To refine our estimates, we decided to perform additional targeted audits. The error rates and magnitudes seen in the initial audit were quite variable across sites (see Table 3). For example, 0 of 25 audited charts in Site F had errors in the date of ART initiation whereas 6 of 20 audited charts in Site C had errors and the variance of the magnitude of the errors was large.
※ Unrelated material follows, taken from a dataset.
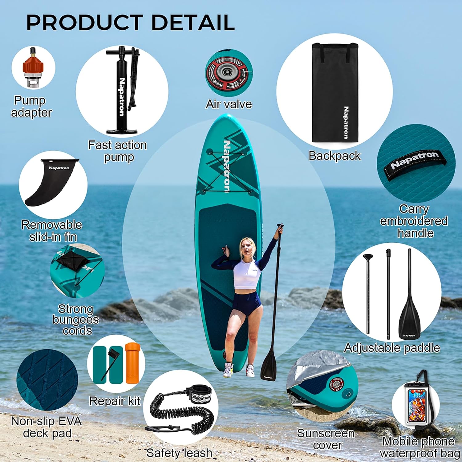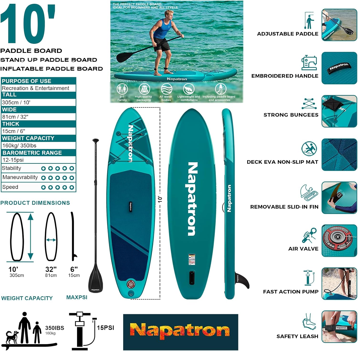 This complete inflatable stand up paddle board kit from Napatron is perfect for enjoying time on the water. The 10-foot ultra-light board features an extra-wide 32-inch design for stability, whether you're just starting out or an experienced paddler. The durable PVC construction inflates and deflates easily for portability. A high-quality adjustable paddle with comfortable T-grip allows you to power through the water with ease. Other accessories include a Travel BackPack, waterproof phone bag and Ankle Safety Leash, as well as a Sunscreen Cover to protect the board from UV rays when not in use. With its reasonable price and everything needed right out of the box, this kit makes stand up paddling accessible for families, friends, or anyone looking for a full-body water sport

Using site-specific parameter estimates from the initial audits, we simulated datasets and applied the methods of Section 2.3 to determine the impact of additional audits on the bias, confidence interval width, and mean-squared error of our estimates for each site (details in the online Supplement). We decided to audit approximately 50 additional records from Site C and 25 from Sites A, B, and E. Sites A and D had similar low error rates and magnitudes; we sampled additional records from Site A because our data audit team was going to be on-site for a different purpose. Charts for auditing were randomly selected within site by the data coordinating center. The second audits were performed by local investigators at all four sites, although in Sites A and C our data audit team verified the accuracy of the local audit by re-auditing the same records. Error rates and magnitudes between the first and second audits were similar within sites (see Table 3). Because some of the selected charts were missing CD4 or were unavailable at the time of the audit, the actual number of additional audits included in these analyses were 19, 22, 44, and 26 for Sites A, B, C, and E, respectively.

Table 3.

Error rates and magnitudes based on the audits.
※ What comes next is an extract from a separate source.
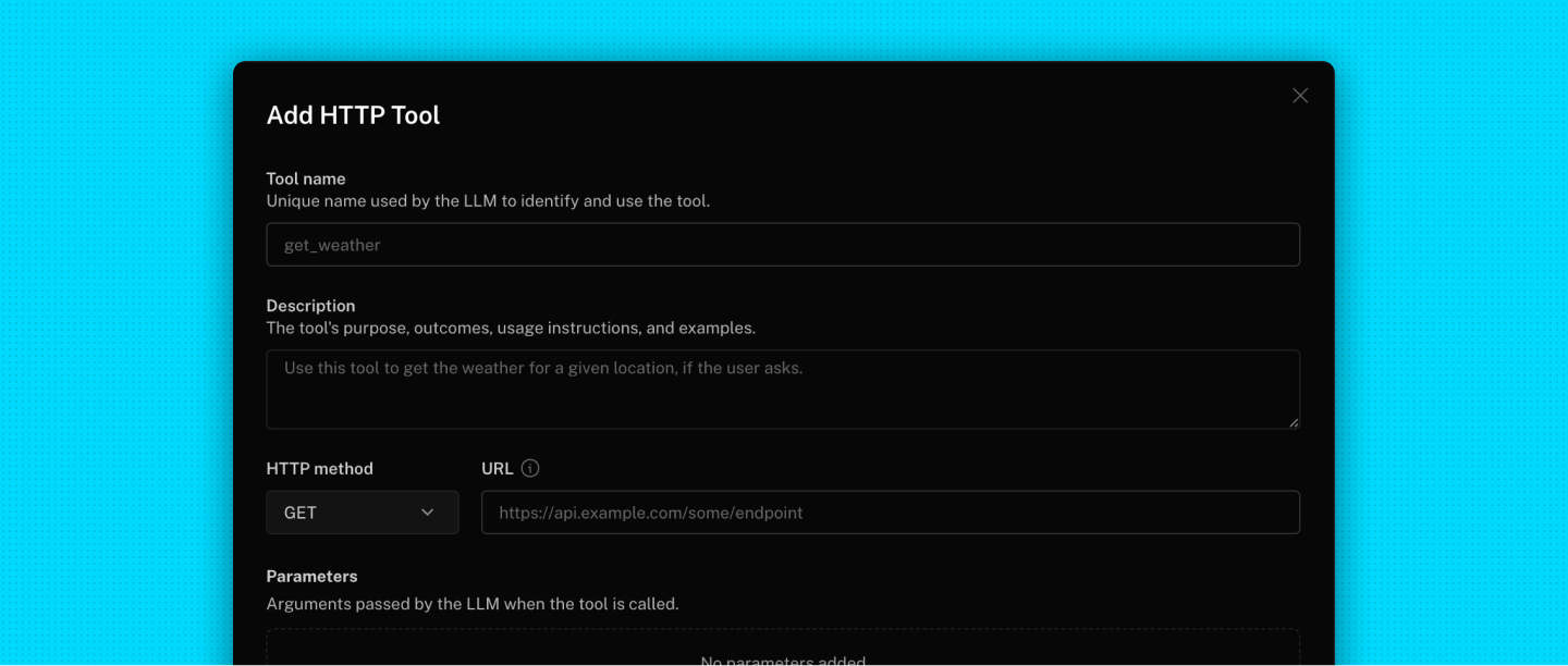 Configure each tool with a URL, optional headers, and request body, and the agent decides when to invoke it based on the context of the conversation. Responses are passed back into the agent's context so it can use real-time data to inform its replies.

Site	N	n_v	Σ S_iV_i	p̂	σ̂_u	σ̂_x	ρ̂_u,u^*
First Audit
Site A	260	15	1	0.07	0.02	1.5	0
Site B	439	22	4	0.18	0.07	1.2	0
Site C	687	20	6	0.30	1.64	1.2	−0.99
Site D	332	15	1	0.07	0.10	2.7	0
Site E	396	26	6	0.23	0.23	1.6	−0.78
Site F	703	25	0	0	–	1.3	–
Combined	2817	123	18	0.15	0.96	2.0	−0.98
First and Second Audits
Site A	259	34	4	0.12	0.06	1.7	0
Site B	439	44	6	0.14	0.05	1.2	0
Site C	686	64	16	0.25	1.16	1.1	−0.71
Site D	332	15	1	0.07	0.10	2.7	0
Site E	396	52	10	0.19	0.19	1.5	−0.27
Site F	703	25	0	0	–	1.3	–
Combined	2815^a	234	37	0.16	0.76	1.7	−0.49

Open in a new tab

Two patients were excluded from the analysis after the second audit: one from Site C had no CD4 measurement at corrected date of HAART initiation, and one from Site A was found to no longer meet inclusion criteria because they started a non-qualifying treatment regimen.
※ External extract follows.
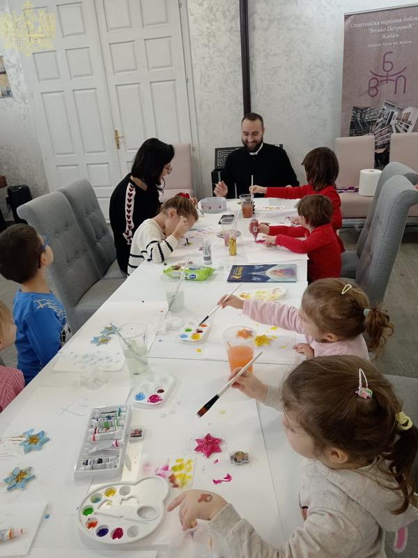 Са благословом Његовог Високопреосвештенства Митрополита бачког господина др Иринеја, у суботу, 3. јануара 2026. године, у просторијама Општинске народне библиотеке „Вељко Петровићˮ у Жабљу, одржана је радионица за децу предшколског узраста са темом „Рођење Сина Божјегˮ. Уз причу о звезди коју су пратили мудраци који су дошли да се поклоне Богомладенцу Христу, учеснике радиониц је водио ђакон Игор Раденовић из Жабља. Реализацији радионице су допринели Добрица Трнинић, васпитачица, и Варја Нешић, уредница културног програма Општинске народне библиотеке „Вељко Петровићˮ у Жабљу.

In analyses applying the methods of Section 2.3 using the combined data from the first and second audits (which ignored the fact that we selected charts to audit conditional on study site), our new estimate of β̂₁ was 0.006 (95% CI −0.16, 0.17). Using the data from both audits, the correlation between the magnitude of errors in date of ART initiation and $\sqrt{CD 4}$ was less extreme and results were not as dependent on a single outlying measurement (see Table 3 and Figure 1B). Naturally, the confidence interval for the estimate was also more narrow, although not as narrow as that of the naive estimate.

We then applied the methods of Section 2.4 to adjust for study site and to properly acknowledge that audit selection depended on site. In this analysis we also allowed error rates and magnitudes to vary by site. (Results were nearly identical if we assumed the error distributions were the same for Sites A, B, and D; data not shown.) The estimated adjusted slope in this analysis was 0.18 (95% CI 0.00, 0.37), compared to the naive estimate of 0.11 (95% CI −0.01, 0.24). The corrected estimate suggests a slightly stronger trend towards patients initiating ART at higher CD4 in more recent years. The corrected estimate’s wider confidence interval reflects additional uncertainty in our estimate to correct the bias using the audit data.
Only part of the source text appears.